> _What you are asked to do_: For this exercise, copy exactly the lines below from the one with "Background: Thai Vegetable" through the one with "Giới thiệu Đồng" and leave out the pictures.

> _The records_:
Content starts
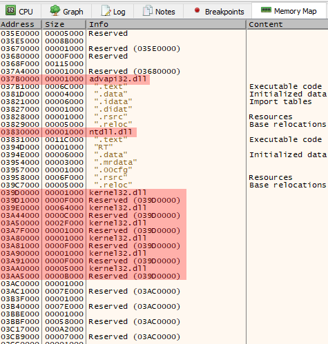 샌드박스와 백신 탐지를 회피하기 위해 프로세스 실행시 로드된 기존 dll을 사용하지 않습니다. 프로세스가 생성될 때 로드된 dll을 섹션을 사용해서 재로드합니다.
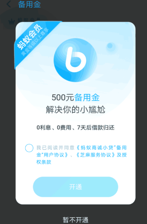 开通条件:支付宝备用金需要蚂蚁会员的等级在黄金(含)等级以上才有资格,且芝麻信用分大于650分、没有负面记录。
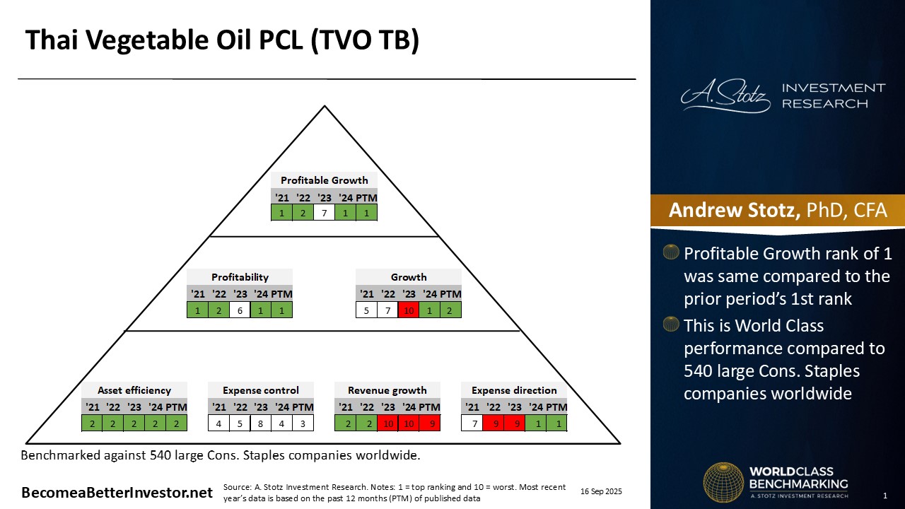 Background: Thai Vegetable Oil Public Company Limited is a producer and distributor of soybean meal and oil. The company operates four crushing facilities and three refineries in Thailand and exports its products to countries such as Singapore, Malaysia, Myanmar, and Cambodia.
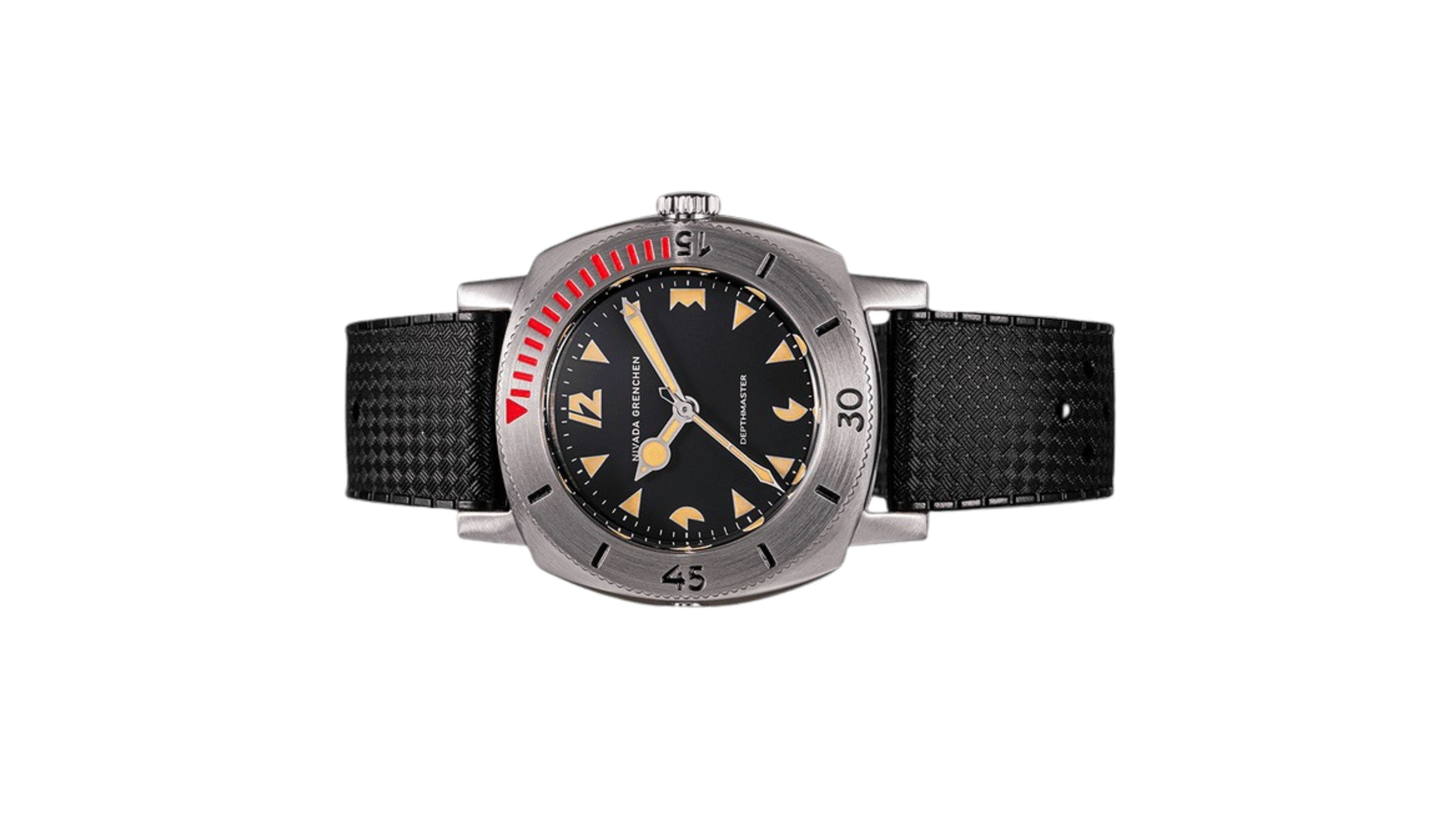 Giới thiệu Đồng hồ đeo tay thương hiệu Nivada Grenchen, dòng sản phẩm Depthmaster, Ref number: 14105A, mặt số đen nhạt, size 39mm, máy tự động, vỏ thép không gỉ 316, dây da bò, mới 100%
Content ends
Content starts
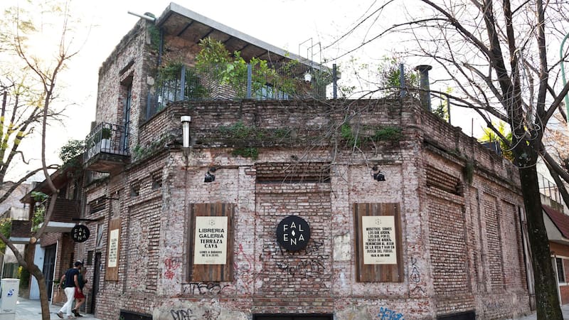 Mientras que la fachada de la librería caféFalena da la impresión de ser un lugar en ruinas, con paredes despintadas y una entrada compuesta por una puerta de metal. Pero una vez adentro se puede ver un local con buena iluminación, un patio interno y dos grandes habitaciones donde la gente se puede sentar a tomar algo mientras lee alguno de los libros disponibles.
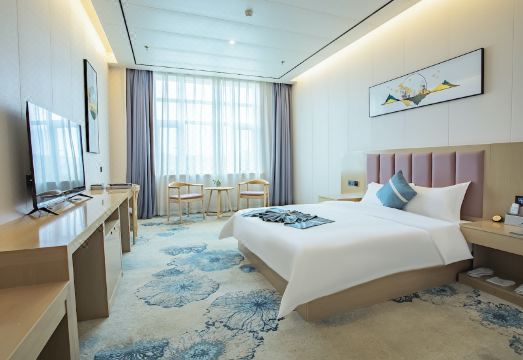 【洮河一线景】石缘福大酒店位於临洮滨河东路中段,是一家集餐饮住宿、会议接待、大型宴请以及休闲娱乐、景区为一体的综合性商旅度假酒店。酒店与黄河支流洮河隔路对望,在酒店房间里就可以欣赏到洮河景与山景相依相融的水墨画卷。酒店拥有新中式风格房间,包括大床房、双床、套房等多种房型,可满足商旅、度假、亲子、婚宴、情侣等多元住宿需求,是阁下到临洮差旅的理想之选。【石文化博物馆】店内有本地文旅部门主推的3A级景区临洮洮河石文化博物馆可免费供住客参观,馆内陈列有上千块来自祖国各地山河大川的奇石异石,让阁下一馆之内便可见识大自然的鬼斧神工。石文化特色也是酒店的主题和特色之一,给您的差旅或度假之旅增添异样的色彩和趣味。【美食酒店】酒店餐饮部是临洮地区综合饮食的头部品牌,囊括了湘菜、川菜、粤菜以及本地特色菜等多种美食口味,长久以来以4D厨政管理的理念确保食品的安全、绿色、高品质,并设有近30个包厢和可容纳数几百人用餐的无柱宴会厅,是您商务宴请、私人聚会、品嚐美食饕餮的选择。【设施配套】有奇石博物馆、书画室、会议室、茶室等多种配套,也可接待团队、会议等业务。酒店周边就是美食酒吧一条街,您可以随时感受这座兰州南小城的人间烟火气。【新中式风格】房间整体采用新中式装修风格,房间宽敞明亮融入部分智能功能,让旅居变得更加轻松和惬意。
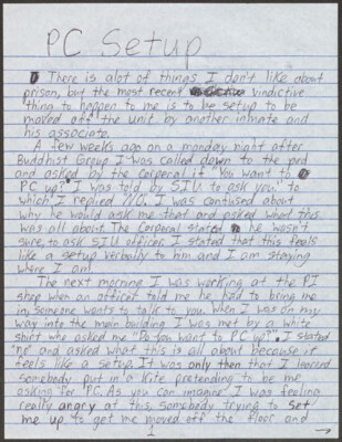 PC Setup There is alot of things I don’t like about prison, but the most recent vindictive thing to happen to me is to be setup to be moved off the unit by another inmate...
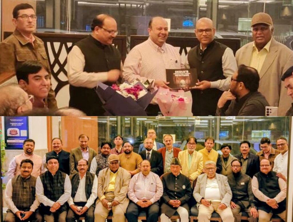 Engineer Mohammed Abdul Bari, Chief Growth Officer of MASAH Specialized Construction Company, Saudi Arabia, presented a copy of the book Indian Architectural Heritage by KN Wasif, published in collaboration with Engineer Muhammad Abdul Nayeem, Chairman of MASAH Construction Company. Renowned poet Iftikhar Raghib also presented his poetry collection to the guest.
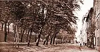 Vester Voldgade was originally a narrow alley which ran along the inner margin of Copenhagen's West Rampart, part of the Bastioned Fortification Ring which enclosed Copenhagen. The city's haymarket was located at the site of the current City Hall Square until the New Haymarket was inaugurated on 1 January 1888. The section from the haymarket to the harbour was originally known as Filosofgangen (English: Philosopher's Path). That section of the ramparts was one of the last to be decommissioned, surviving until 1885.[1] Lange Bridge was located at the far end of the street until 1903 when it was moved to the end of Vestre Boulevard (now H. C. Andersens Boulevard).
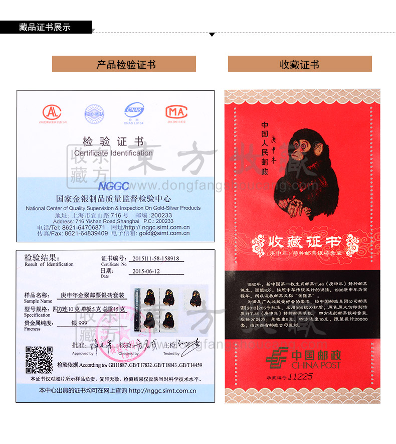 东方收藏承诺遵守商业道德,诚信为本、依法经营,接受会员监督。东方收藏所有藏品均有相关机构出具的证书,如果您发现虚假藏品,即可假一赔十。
Content ends
> _The answer_:
 Background: Thai Vegetable Oil Public Company Limited is a producer and distributor of soybean meal and oil. The company operates four crushing facilities and three refineries in Thailand and exports its products to countries such as Singapore, Malaysia, Myanmar, and Cambodia.
 Giới thiệu Đồng hồ đeo tay thương hiệu Nivada Grenchen, dòng sản phẩm Depthmaster, Ref number: 14105A, mặt số đen nhạt, size 39mm, máy tự động, vỏ thép không gỉ 316, dây da bò, mới 100%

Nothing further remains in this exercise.